I fixed it to initialize done = false.

    +      lines are discarded.  An integer value greater than 1 is only valid 
for
    +      <command>COPY FROM</command> commands.


    This might be slightly misleading since 0 is also a valid value for COPY 
FROM.

  That's certainly true. I fixed it below:
+      lines are discarded.  An integer value greater than 1 is not allowed for
+      <command>COPY TO</command> commands.

Thanks for fixing that!
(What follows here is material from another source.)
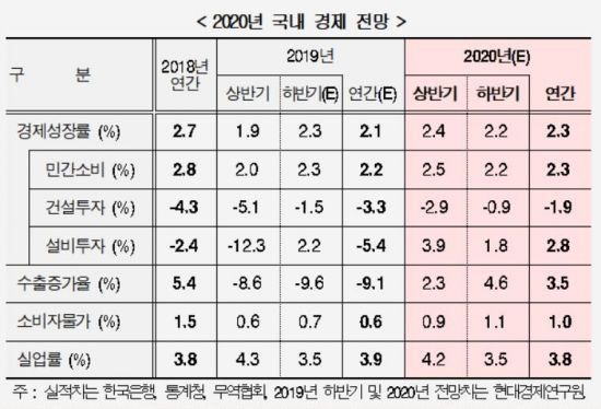 연구원은 22일 '2020년 한국 경제 전망' 보고서를 내고 내년에도 부진한 내수 경기 흐름 및 수출 경기의 미약한 회복 등이 이어질 것이라고 밝혔다.

However, it's odd that the description for COPY TO 
appears
under the section starting with "On input." Shouldn't it be under the "On 
output"
section instead?

Also, I think the entire HEADER option section could use a clearer structure.
How about revising it like this?

---------------------
     <listitem>
      <para>
-      Specifies that the file contains a header line with the names of each
-      column in the file.  On output, the first line contains the column
-      names from the table.  On input, the first line is discarded when this
-      option is set to <literal>true</literal> (or equivalent Boolean value).
-      If this option is set to <literal>MATCH</literal>, the number and names
-      of the columns in the header line must match the actual column names of
-      the table, in order;  otherwise an error is raised.
+      On output, if this option is set to <literal>true</literal>
+      (or an equivalent Boolean value), the first line of the output will
+      contain the column names from the table.
+      Integer values <literal>0</literal> and <literal>1</literal> are
+      accepted as Boolean values, but other integers are not allowed for
+      <command>COPY TO</command> commands.
+     </para>
+     <para>
+      On input, if this option is set to <literal>true</literal>
+      (or an equivalent Boolean value), the first line of the input is
+      discarded.  If it is set to a non-negative integer, that number of
+      lines are discarded.  If the option is set to <literal>MATCH</literal>,
+      the number and names of the columns in the header line must exactly
+      match those of the table, in order;  otherwise an error is raised.
+      The <literal>MATCH</literal> value is only valid for
+      <command>COPY FROM</command> commands.
+     </para>
+     <para>
       This option is not allowed when using <literal>binary</literal> format.
-      The <literal>MATCH</literal> option is only valid for <command>COPY
-      FROM</command> commands.
      </para>
     </listitem>
---------------------


Also, similar to the existing "boolean" type explanation in the COPY docs,
we should add a corresponding entry for integer, now that it's accepted by
the HEADER option. The VACUUM docs has a good example of how to phrase this.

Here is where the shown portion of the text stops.